For efficient code, a B register is used for loop variables since direct comparison instructions can be used on them (B2 < 100, etc.); comparisons with X registers are limited to relations to zero, so comparing an X register to 100, say, requires subtracting 100 and testing the result for less than zero, etc. If an assignment to the loop variable were allowed, a 60-bit value would have to be range-checked before assignment to the B register. This is a real hassle.
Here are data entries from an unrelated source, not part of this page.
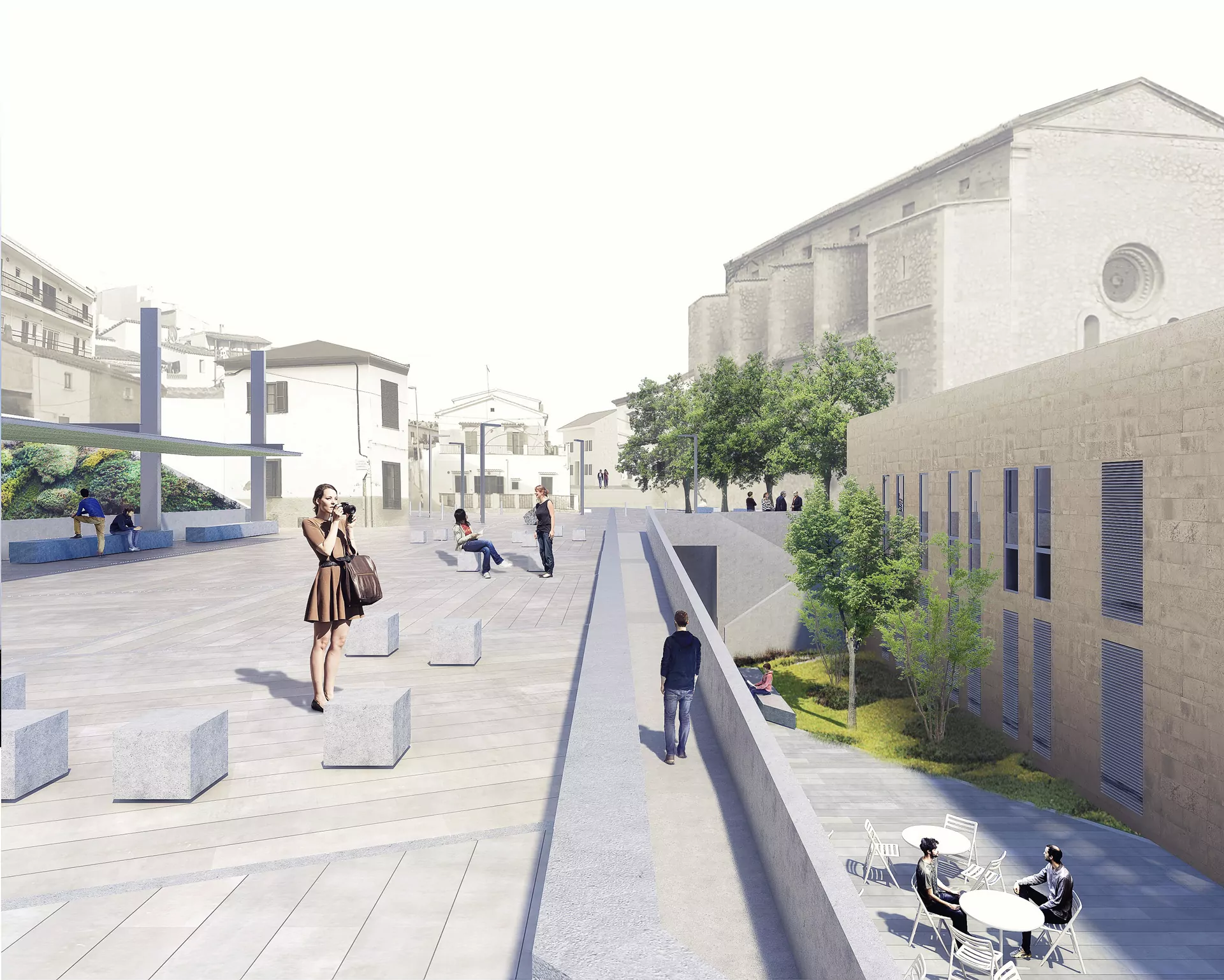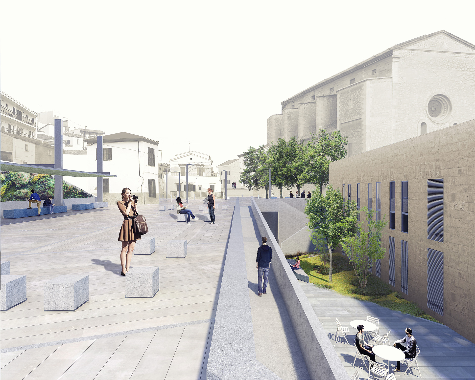 1_Patrimonio histórico. Génova es un barrio con su propia historia y desarrollo, ubicado en los límites de Palma. Debido a su historia, en el casco antiguo que rodea la Plaza del proyecto hay numerosos edificios y elementos con valor patrimonial que deben tenerse en cuenta. A estos hechos se considera que la propuesta debe basarse en la integración con su entorno. Con tal objetivo se han utilizado recursos de diseño como el uso de materiales neutros o adaptación a la topografía existente.
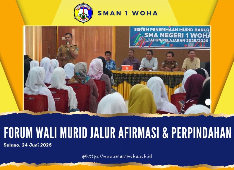 Woha, 24 Juni 2025 - SMAN 1 Woha menggelar Forum Wali Murid Jalur Afirmasi dan Perpindahan dalam rangkaian Seleksi Penerimaan Murid Baru (SPMB) Tahun Pelajaran 2025/2026. Kegiatan ini menjadi langkah awal sekolah dalam membangun komunikasi dan kolaborasi erat dengan masyarakat, khususnya para wali murid siswa baru. Forum ini menjadi ruang komunikasi yang terbuka bagi sekolah dan wali murid untuk berdiskusi mengenai akademik, non akademik, serta rencana program sekolah ke depan.
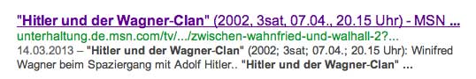 Der oben genannte Film zu Bayreuth, Hitler und Winifred Wagner -vor 11 Jahren zusammengestellt- wurde nachträglich durch mich von meinen Statements befreit. Es gab berechtigte Gründe in diesem Zusammenhang in persönliocher Anwesenheit nicht auftreten zu wollen. Die schon vor 11 Jahren zur Verfügung gestellten Ausschnitte aus dem Winifred Film von 1975 konnten schon damals nicht mehr entfernt werden. Ob sie heute noch rechtens und an anderem Ort (jetzt 3Sat, zur Verfügung gestellt für Spiegel TV) gesendet werden dürfen, und das mit Werbespots aus eben dieser Winifred von 1975, wird man prüfen müssen.
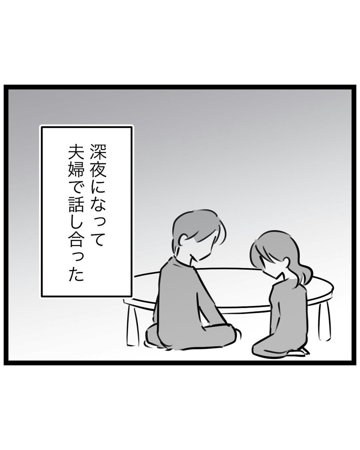 深夜に泣きながら、夫婦そろって真剣に話し合います。
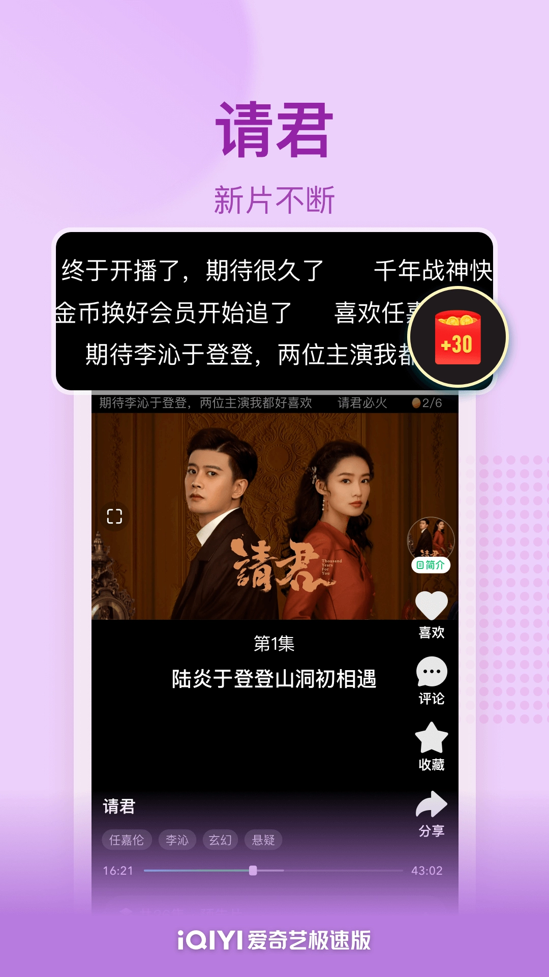 爱奇艺极速版版属于爱奇艺旗下的极速版本应用,该软件已移除启动广告、播放广告及其他部分广告,同时取消了签名校验,绝大多数内容均可免费观看,用户在观看过程中能够领取红包,邀请好友共同观看也能获得红包奖励。
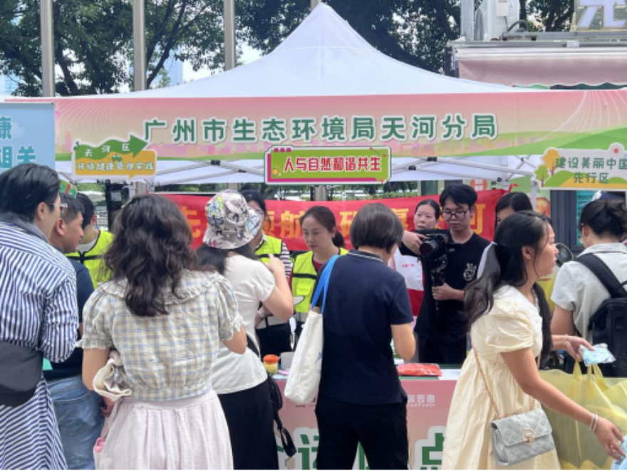 为深入践行“健康中国”战略,积极落实《广州市国家环境健康管理试点工作方案(2025-2027年)》要求,全面提升公众环境健康素养,2025年8月起,广州市生态环境局天河分局(以下简称“天河分局”)以迎接十五运会和残特奥会为契机,坚持党建赋能,围绕“健康领航·绿色全运·碳惠天河——共筑环境健康防线”主题,组织开展“进商圈、进企业、进社区”系列宣传活动,通过“三走进”推动环境健康知识直达基层、健康理念深入人心,营造“环境健康,你我共建”的良好社会氛围,筑牢群防群控、共建共享的环境健康防线。
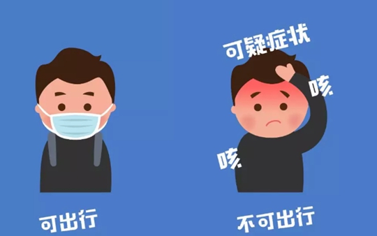 1、出行前,若無(wú)可疑癥狀(發(fā)熱、咳嗽、咽痛、胸悶、呼吸困難、乏力、惡心嘔吐、腹瀉、結(jié)膜炎、肌肉酸痛等),可正常出行。
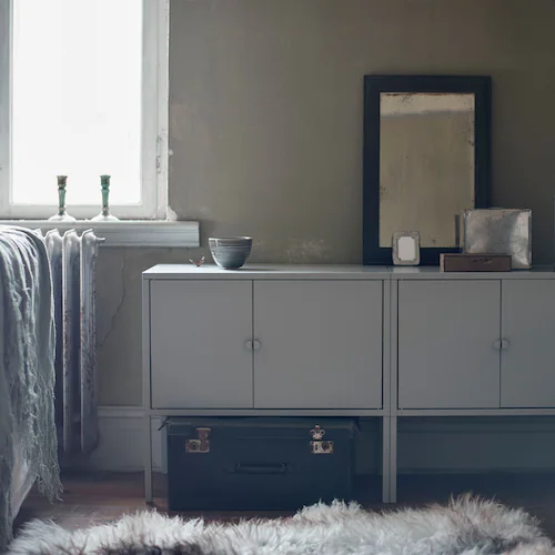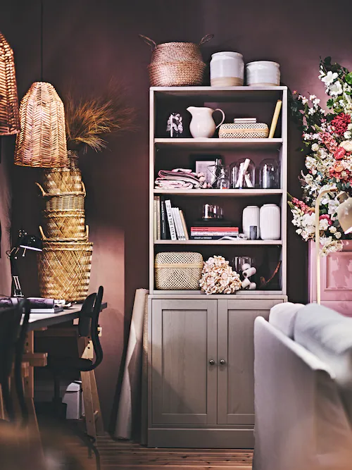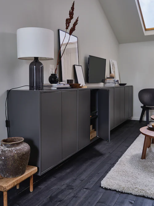 正在尋找布置灰色儲物櫃的靈感?不妨試試中性色調的擺設,輕鬆塑造寧靜優雅的效果。暖色木材與灰色也十分相襯,你更可以混搭陶瓷、玻璃和木材等物料,打造奪目布置。
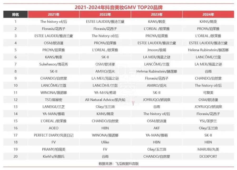 虽然在2024年又重新创入前10,但已经可以看出远不如珀莱雅、韩束等品牌有后劲儿。
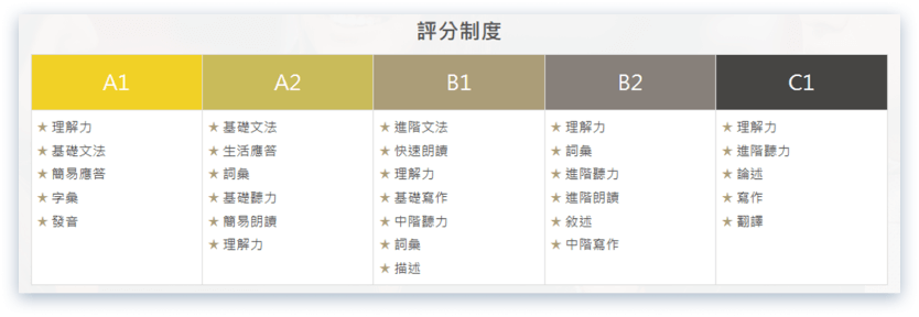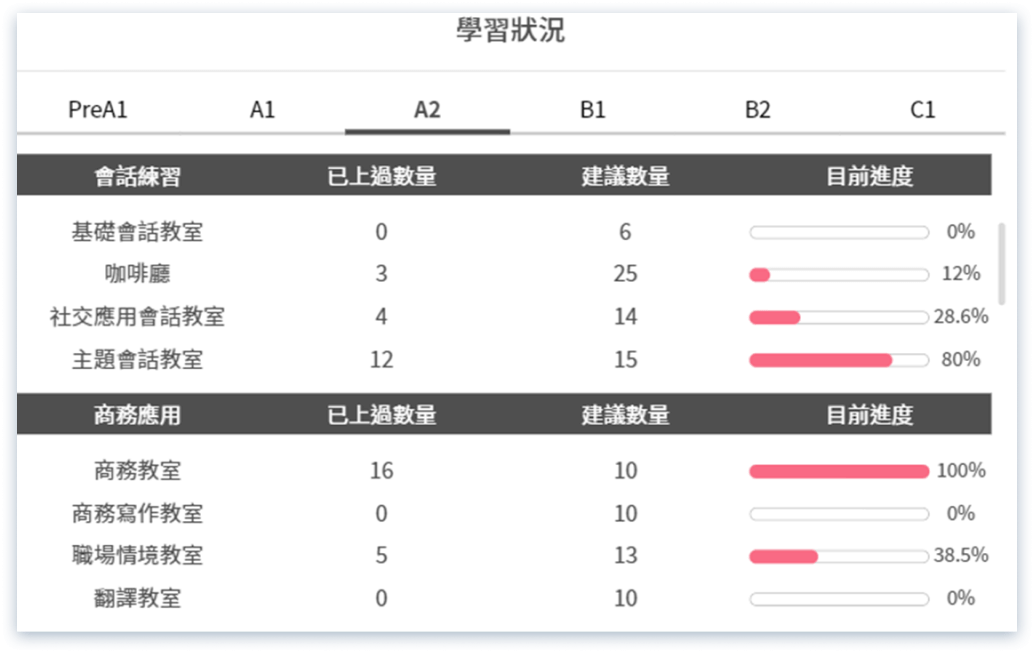 • 英語能力診斷報告:為 CEFR 專業英語能力診斷報告,能了解目前英文等級。

Herr Wirth probably figured that both the hassle and the inefficiency wasn't worth the utility--the programmer can always use a while or repeat...until loop in that situation.
Additional weirdness
Several unique-to-Pascal language features relate directly to aspects of the Cyber:
the pack keyword: either a single "character" consumes a 60-bit word, or it is packed ten characters per word.
the (unusual) alfa type: packed array [1..10] of char
intrinsic procedures pack() and unpack() to deal with packed characters. These perform no transformation on modern architectures, only type conversion.
the weirdness of text files vs. file of char
no explicit newline character. Record management was explicitly invoked with writeln
While set of char was very useful on CDCs, it was unsupported on many subsequent 8 bit machines due to its excess memory use (32-byte variables/constants for 8-bit ASCII). In contrast, a single Cyber word could manage the native 62-character set by omitting newline and something else.
full expression evaluation (versus shortcuts). These were implemented not by jumping and setting one or zero (as most code generators do today), but by using CPU instructions implementing Boolean arithmetic.
Pascal was originally designed as a teaching language to encourage block-structured programming. Kernighan (the K of K&R) wrote an (understandably biased) essay on Pascal's limitations, Why Pascal is Not My Favorite Programming Language.
The prohibition on modifying what Pascal calls the control variable of a for loop, combined with the lack of a break statement means that it is possible to know how many times the loop body is executed without studying its contents.
Without a break statement, and not being able to use the control variable after the loop terminates is more of a restriction than not being able to modify the control variable inside the loop as it prevents some string and array processing algorithms from being written in the "obvious" way.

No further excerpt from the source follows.